▶ _Your instructions_: Everything in the listing below should be repeated exactly, apart from the pictures.

▶ _Data_:

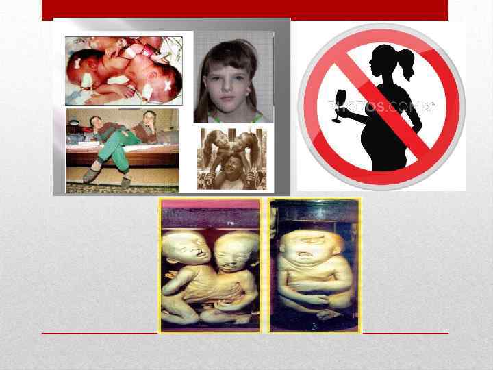• В подростковом возрасте алкоголь особенно опасен, так как в этом возрасте формируются клетки, необходимые для зачатия будущего ребёнка, как у юношей, так и у девушек. • Для развития будущего ребёнка опасно состояние опьянения и в момент зачатия. Сила повреждающих воздействий непредсказуема: от лёгких нарушений до тяжёлых поражений органов будущего ребёнка. • Употребление алкоголя в период беременности приводит к уродующему воздействию на плод. Алкоголь проникает от матери к ребёнку по кровеносным сосудам, что может привести к мертворождению. • Поражённые гены отца и матери – алкоголиков могут передаваться по наследству через несколько поколений. • Французские врачи пришли к выводу: чтобы произвести полноценное потомство, родители не должны пить в течение одного - двух лет. Алкоголь и беременность
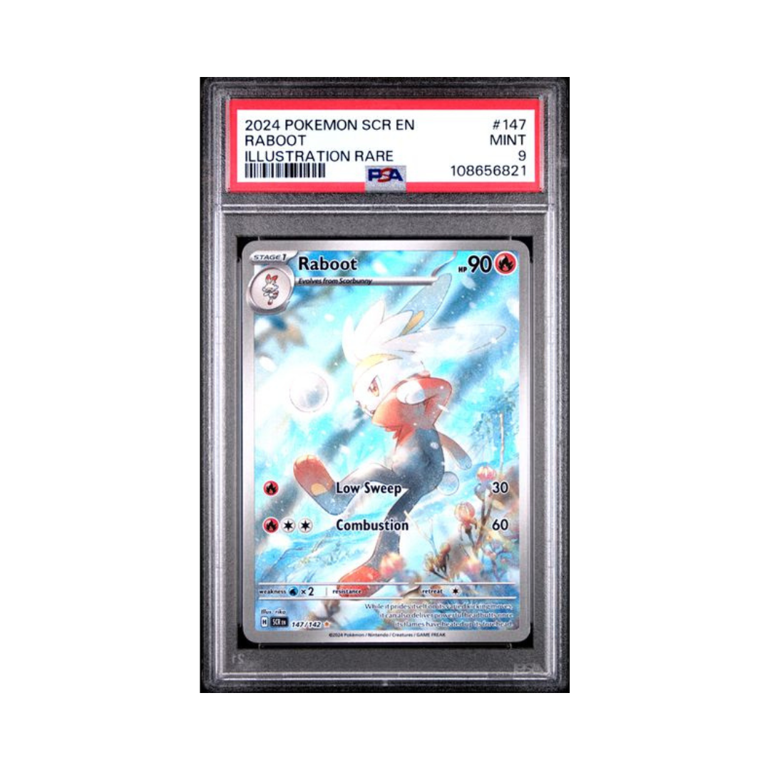 2024 Pokémon SCR EN Raboot #147 PSA 9 yra oficiali kolekcinė Pokémon Trading Card Game (TCG) korta iš 2024 m. Scarlet & Violet: Stellar Crown rinkinio, kuri profesionaliai įvertinta Professional Sports Authenticator (PSA) ir gauta 9 (Mint) būklės įvertinimą. Ši korta priklauso Illustration Rare / Secret Rare (SCR) kategorijai, todėl vizualiai yra išsiskirianti ir kolekcininkų vertinama dėl unikalios grafikos ir riboto pasiekiamumo.
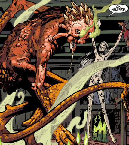 “Oh, Hellfire.” He sighs. There’s a woman, thin and frail, naked save arcane tattoos that she’s inked onto her flesh. The woman holds a dead chicken in one of her outstretched hands, clearly the sacrifice required. The demon looks at her with absolute disgust.

▶ _Exercise answer_:
• В подростковом возрасте алкоголь особенно опасен, так как в этом возрасте формируются клетки, необходимые для зачатия будущего ребёнка, как у юношей, так и у девушек. • Для развития будущего ребёнка опасно состояние опьянения и в момент зачатия. Сила повреждающих воздействий непредсказуема: от лёгких нарушений до тяжёлых поражений органов будущего ребёнка. • Употребление алкоголя в период беременности приводит к уродующему воздействию на плод. Алкоголь проникает от матери к ребёнку по кровеносным сосудам, что может привести к мертворождению. • Поражённые гены отца и матери – алкоголиков могут передаваться по наследству через несколько поколений. • Французские врачи пришли к выводу: чтобы произвести полноценное потомство, родители не должны пить в течение одного - двух лет. Алкоголь и беременность
 2024 Pokémon SCR EN Raboot #147 PSA 9 yra oficiali kolekcinė Pokémon Trading Card Game (TCG) korta iš 2024 m. Scarlet & Violet: Stellar Crown rinkinio, kuri profesionaliai įvertinta Professional Sports Authenticator (PSA) ir gauta 9 (Mint) būklės įvertinimą. Ši korta priklauso Illustration Rare / Secret Rare (SCR) kategorijai, todėl vizualiai yra išsiskirianti ir kolekcininkų vertinama dėl unikalios grafikos ir riboto pasiekiamumo.
 “Oh, Hellfire.” He sighs. There’s a woman, thin and frail, naked save arcane tattoos that she’s inked onto her flesh. The woman holds a dead chicken in one of her outstretched hands, clearly the sacrifice required. The demon looks at her with absolute disgust.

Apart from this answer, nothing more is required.